Problem statement
For the entries below, copy exactly the line that contains "Une belle boîte" through the line that contains "高山梯田,云海,奇峰,竹海,瀑布,多种风", both ends included, and exclude all pictures.

Excerpted data

+ + + +

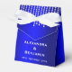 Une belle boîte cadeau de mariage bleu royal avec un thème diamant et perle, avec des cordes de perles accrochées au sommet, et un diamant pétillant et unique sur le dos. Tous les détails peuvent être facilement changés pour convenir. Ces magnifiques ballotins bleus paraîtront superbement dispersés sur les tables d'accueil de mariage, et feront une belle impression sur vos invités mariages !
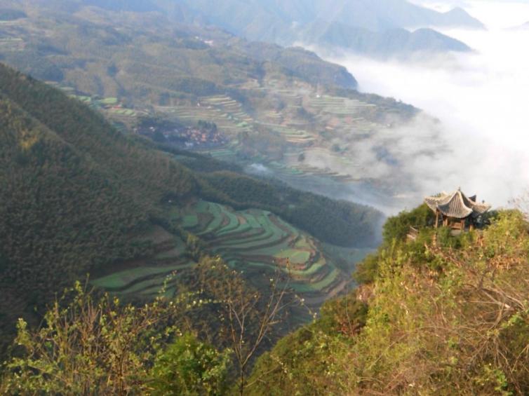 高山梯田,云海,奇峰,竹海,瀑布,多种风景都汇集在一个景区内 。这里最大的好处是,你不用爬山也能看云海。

+ + + +

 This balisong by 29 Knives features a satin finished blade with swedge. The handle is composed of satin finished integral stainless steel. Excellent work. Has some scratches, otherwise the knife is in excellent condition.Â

+ + + +

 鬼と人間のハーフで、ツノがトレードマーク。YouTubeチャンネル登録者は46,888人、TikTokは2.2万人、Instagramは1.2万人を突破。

+ + + +

Exercise answer
 Une belle boîte cadeau de mariage bleu royal avec un thème diamant et perle, avec des cordes de perles accrochées au sommet, et un diamant pétillant et unique sur le dos. Tous les détails peuvent être facilement changés pour convenir. Ces magnifiques ballotins bleus paraîtront superbement dispersés sur les tables d'accueil de mariage, et feront une belle impression sur vos invités mariages !
 高山梯田,云海,奇峰,竹海,瀑布,多种风景都汇集在一个景区内 。这里最大的好处是,你不用爬山也能看云海。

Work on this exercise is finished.